La Petite est la chronique des derniers mois d’une maison close à la Nouvelle-Orléans et plus précisément à Storyville, dans les années 1910. Pour Malle, son film était la vision d’une enfant sur le monde de la prostitution et, en effet, l’auteur refuse tout jugement moral et toute dramatisation afin de filmer le passage d’une fille des jeux de l’enfance à la vente de sa virginité pour devenir une jeune prostituée. Violet suit le parcours déterministe de sa mère, elle-même prostituée, femme confuse qui attend le bon client pour pouvoir s’en aller. Au milieu se trouve Bellocq, photographe ayant vraiment existé, obsédé par son art et vivant au plus près de ces prostituées pour en faire des portraits. S’engage entre ce dernier et la jeune Violet une relation à la fois complice, compliquée et bizarre.

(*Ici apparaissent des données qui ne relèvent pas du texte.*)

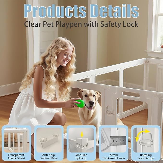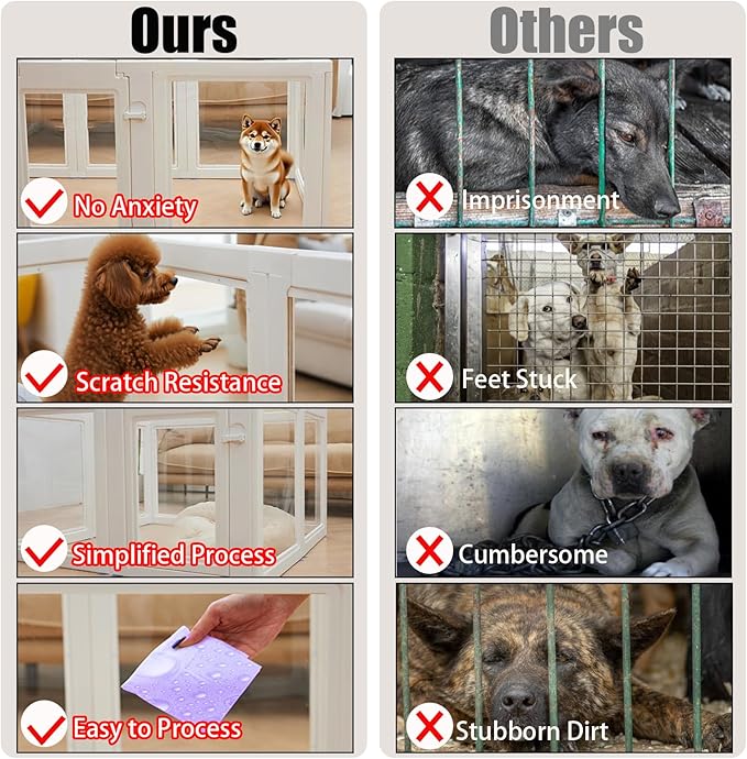 - 【Multi-functional & Stylish】Transparent Pet Pen is not only practical but also stylish, the sleek white design complements any home decor. It is perfect for indoor use and can be easily moved around to create a designated play area for your pet

La vision de Louis Malle est difficile à cerner, car il offre une vision charnelle et radieuse de cette maison close où les pensionnaires se sentent épanouies et trouvent une raison de vivre. Il y démontre aussi toute sa passion pour le jazz et pour l’ambiance latine de la Nouvelle-Orléans. Le lieu n’est pas filmé comme un endroit sordide et glauque qui s’appesantit sur la condition difficile des femmes de joie. Au contraire, pour Violet, Storyville est un cocon rassurant d’où ressort une certaine bonne humeur et tendresse, un cocon qui accueille tout type de marginaux sans préjugés sociaux. D’ailleurs, la photographie chaude et ocre accentue cette atmosphère chaleureuse. À cela, on peut ajouter une reconstitution soignée et imprégnée d'une authenticité réaliste, affichant tel quel la routine de ces filles qui accouchent, allaitent et pouponnent entre deux visites. En somme, une sorte de petit lieu-monde, tenu par une matronne portant de l'affection à ses filles et où l'on peut voir également un pianiste noir qui improvise des blues et du jazz dans une ambiance rigolarde, festive et maternelle.

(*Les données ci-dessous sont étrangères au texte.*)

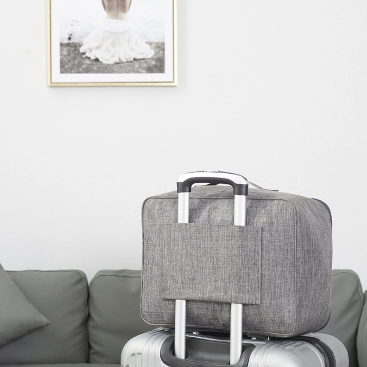 - Deze opbergtas heeft aan de achterzijde een handig insteekvak. Tevens kan de reistas hiermee bevestigd worden aan de trekbeugel van een reiskoffer. Het hoofdvak kan via een tweerichtingsrits geopend worden.

En même temps, le cinéaste n’hésite pas à exposer ce monde qui peut être par moments cruel et qui sacrifie sans merci l’innocence. La scène des enchères en est un bon exemple, car les visages libidineux face à la petite fille dévoilent tout l’écrasement de son innocence, notamment par ce long gros plan sur le pianiste noir, déconfit face à cette situation, et sur lequel on peut lire toute l’injustice des plus faibles et des exclus, piétinés par la loi de l’argent et du sexe. Mais encore une fois, le cinéaste évite toute position morale claire, comme le démontre la relation entre le photographe et Violet, jonglant entre amour sincère, crudité, perversité et relation paternelle. En épousant le point de vue de la petite fille, l’œuvre pointe l’évolution trop rapide d’une fille voulant se comporter comme les femmes adultes qu’elle côtoie depuis toujours.

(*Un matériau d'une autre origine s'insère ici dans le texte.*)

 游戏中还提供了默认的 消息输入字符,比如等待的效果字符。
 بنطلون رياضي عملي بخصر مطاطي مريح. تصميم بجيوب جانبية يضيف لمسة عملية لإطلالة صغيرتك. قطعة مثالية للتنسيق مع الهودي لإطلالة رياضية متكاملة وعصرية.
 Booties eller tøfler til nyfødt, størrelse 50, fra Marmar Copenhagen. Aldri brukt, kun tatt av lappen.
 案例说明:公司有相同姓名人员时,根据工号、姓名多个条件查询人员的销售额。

Ainsi, ce serait le passage de l’enfance à l’âge adulte que filmerait Louis Malle, mais un passage précoce et prématuré, à l’image de la fin où Violet retourne de façon forcée avec sa mère, qui, dans une autre forme de prostitution, s’est donnée à un mari pour avoir une rente financière et une situation confortable. Le cinéaste mettrait donc en exergue l’hypocrisie des mœurs voulant établir une différence puritaine entre les conventions bourgeoises et ce monde clos, prêt à disparaître, composé de braves filles qui y trouvent une forme de réconfort à faire leur métier.